Jadi, biarkan ia merayakannya cukup lama dan menikmatinya. Walau kebanyakan yang ia terima adalah duka, bukan bahagia.
Karya ini diterbitkan atas izin NovelToon Raft, isi konten hanyalah pandangan pribadi pembuatnya, tidak mewakili NovelToon sendiri
Perihal Fiksi - 29
...Dua insan yang berpisah karena kematian, adalah mereka yang setia terhadap pasangan. Berbeda dengan orang yang berpisah dengan keadaan. ...
***
Menghabiskan waktu dengan Ibu memang menyenangkan. Apalagi merasakan napasnya yang terasa nyaman.
Ibunya duduk menyender di kepala ranjang, sedangkan dirinya mengambil posisi tiduran sambil memeluk Ibunya dari samping.
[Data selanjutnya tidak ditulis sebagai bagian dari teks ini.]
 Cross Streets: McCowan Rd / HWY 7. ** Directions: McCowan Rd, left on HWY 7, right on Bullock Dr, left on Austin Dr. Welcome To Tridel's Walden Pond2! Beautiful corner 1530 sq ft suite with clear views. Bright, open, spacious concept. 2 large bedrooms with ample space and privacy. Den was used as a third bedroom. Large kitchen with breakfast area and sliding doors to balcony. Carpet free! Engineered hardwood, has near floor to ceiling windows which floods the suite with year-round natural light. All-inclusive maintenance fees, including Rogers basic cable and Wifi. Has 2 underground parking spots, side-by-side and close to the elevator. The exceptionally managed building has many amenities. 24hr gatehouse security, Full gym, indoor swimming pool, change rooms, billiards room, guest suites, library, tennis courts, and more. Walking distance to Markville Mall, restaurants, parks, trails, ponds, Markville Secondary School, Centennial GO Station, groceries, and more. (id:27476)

"Kamu betah 'kan tinggal sama Dikta Nanta? Mereka gak jahil, 'kan?" Tanya Sang Ibu sembari mengusap puncak kepalanya.
"Betah gak betah sih, Mah. Kadang mereka jahil, kadang juga waras. Malah nih, ya. Rai pernah dianter ke sekolah pake troli belanja. Mamah bayangin coba! Rai malu, tau!"
Saat itu Ibu hanya tertawa ringan. Ia tidak heran dengan kelakuan keponakannya yang selalu diluar nalar. Tapi disatu sisi, ia juga khawatir membiarkan putrinya tinggal bersama mereka berdua. Mereka masih belum dewasa, pemikirannya masih setara dengan usia remaja. Labil.
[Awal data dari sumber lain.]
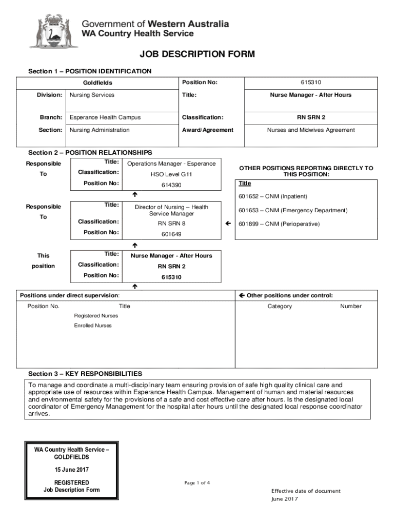 JOB DESCRIPTION FORM Section 1 POSITION IDENTIFICATION Position No:Goldfields Division:615310Nursing ServicesTitle:Nurse Manager After HoursBranch:Esperance Health CampusClassification:Section:Nursing

"Mereka kayak gitu biar hidupnya berwarna katanya."
"Berwarna darimananya? Yang ada warnanya jadi acak-acakan."
Setelahnya tawa mereka terdengar bersamaan. Melepas luka yang kemarin tercipta. Menghapus duka yang sering menyapa.
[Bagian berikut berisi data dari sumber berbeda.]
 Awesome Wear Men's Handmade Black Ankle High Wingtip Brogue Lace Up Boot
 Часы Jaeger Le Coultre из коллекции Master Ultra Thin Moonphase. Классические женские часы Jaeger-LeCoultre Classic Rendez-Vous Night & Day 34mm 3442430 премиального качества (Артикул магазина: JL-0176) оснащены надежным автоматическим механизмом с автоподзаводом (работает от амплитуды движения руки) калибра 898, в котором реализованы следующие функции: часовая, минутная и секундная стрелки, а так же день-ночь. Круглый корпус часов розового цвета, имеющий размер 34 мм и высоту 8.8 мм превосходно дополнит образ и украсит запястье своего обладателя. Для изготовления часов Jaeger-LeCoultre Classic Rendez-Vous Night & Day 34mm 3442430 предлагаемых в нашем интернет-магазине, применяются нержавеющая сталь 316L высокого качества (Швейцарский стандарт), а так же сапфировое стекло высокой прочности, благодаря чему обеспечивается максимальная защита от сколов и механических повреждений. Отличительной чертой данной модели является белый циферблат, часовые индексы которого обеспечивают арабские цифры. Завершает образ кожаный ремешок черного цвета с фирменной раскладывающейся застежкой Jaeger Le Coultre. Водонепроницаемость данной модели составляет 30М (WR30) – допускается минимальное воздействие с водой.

"Mamah gak akan ikut Rai ke Jakarta?" Tanya Rai setelah tawanya reda.
"Kayaknya Mamah bakal disini aja. Tapi nanti waktu kelulusan kamu, Mamah bakalan kesana."
Rai mendongak untuk melihat wajah Ibu yang terlihat segar dari biasanya. Matanya melihat bagaimana senyum Ibu melengkung dengan sempurna. Membuat hatinya nyaman seketika ketika melihatnya.
Senyum Ibu mirip dengan Kak Novi-Kakak perempuannya yang sudah tiada.
"Janji?"
Ibu melunturkan senyumnya. Membuat Rai khawatir karena Ibu tiba-tiba mengubah mimik wajahnya.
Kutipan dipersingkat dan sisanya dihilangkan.